Running a simple check for equality between sched_waking and
sched_wakeup. I see two different results.

# perf script -G | grep -i "sched_waking" | wc -l
35264
# perf script -G | grep -i "sched_wakeup:" | wc -l
35314

perf report suggests missing sched_waking events. Although trace
collected through ftrace (using trace-cmd) suggests equal waking and
wakeup events.

# trace-cmd report | grep -i "sched_waking" | wc -l
35959
# trace-cmd report | grep -i "sched_wakeup:" | wc -l
35959

Below is a stack trace for a sched_wakeup event for which sched_waking
was not recorded in perf.data file,

schbench 307346 [023] 600177.250150:
sched:sched_wakeup: perf:307321 [120] CPU:023
ttwu_do_activate+0x1c0 ([kernel.kallsyms])
print_fmt_xfs_perag_intents_class+0x0 ([xfs].data)
sched_ttwu_pending+0x118 ([kernel.kallsyms])
=> __flush_smp_call_function_queue+0x19c ([kernel.kallsyms])
smp_ipi_demux_relaxed+0xec ([kernel.kallsyms])
xive_muxed_ipi_action+0x20 ([kernel.kallsyms])
__handle_irq_event_percpu+0x8c ([kernel.kallsyms])
handle_irq_event_percpu+0x2c ([kernel.kallsyms])
handle_percpu_irq+0x80 ([kernel.kallsyms])
generic_handle_irq+0x50 ([kernel.kallsyms])
__do_irq+0xb8 ([kernel.kallsyms])
__do_IRQ+0x88 ([kernel.kallsyms])
print_fmt_xfs_perag_intents_class+0x0 ([xfs].data)
do_IRQ+0x50 ([kernel.kallsyms])
hardware_interrupt_common_virt+0x28c ([kernel.kallsyms])
worker_thread+0x268 (/usr/bin/schbench)
worker_thread+0x4cc (/usr/bin/schbench)
start_thread+0x170 (/usr/lib64/glibc-hwcaps/power10/libc.so.6)
__clone+0xa0 (/usr/lib64/glibc-hwcaps/power10/libc.so.6)
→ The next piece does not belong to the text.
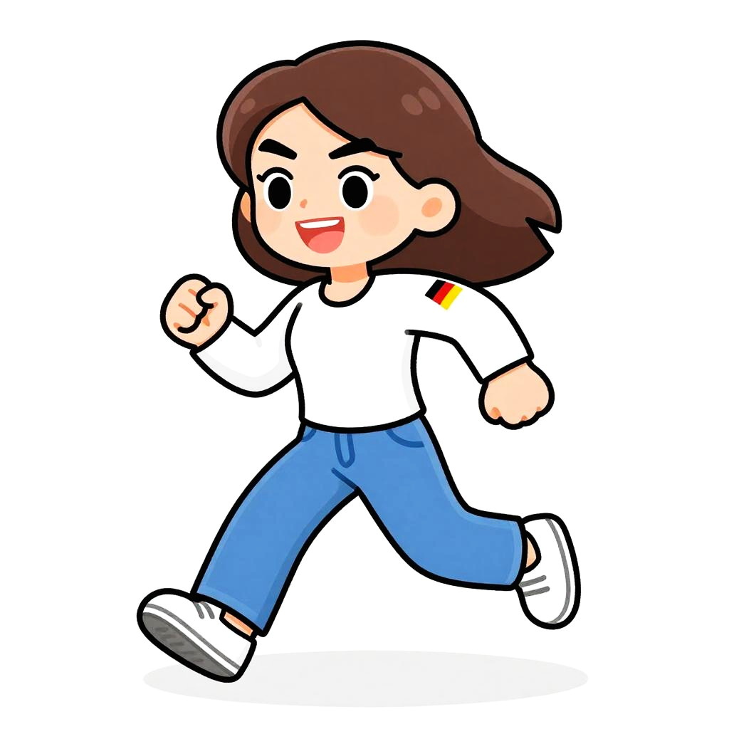 This is a colorful, cartoon-style drawing of a determined-looking woman with brown wavy hair, running with an energetic smile. She's wearing a white long-sleeve shirt with a German flag patch on the sleeve, blue pants, and white shoes. Her right fist is clenched, and her left arm is bent, showing motion. The background is plain white, making her the focal point.

Also, it has been observed for cases where sched_waking is missing only
happens when perf task is woken up.

Looking at the code in __flush_smp_call_function_queue,
it invokes all the callbacks currently queue on the given cpu, and if
sched_ttwu_pending is being called, suggesting that csd of type CSD_TYPE_TTWU
was queued. Now, this happens inside try_to_wake_up.

if there are no other way to queue a csd of type CSD_TYPE_TTWU, then
this suggests some events are being missed by perf.

>
> So I'll withdraw this change for now and sync back up to check if my
> suspicions are correct or not.
>
> Thanks so much again for pointing this out.
> -john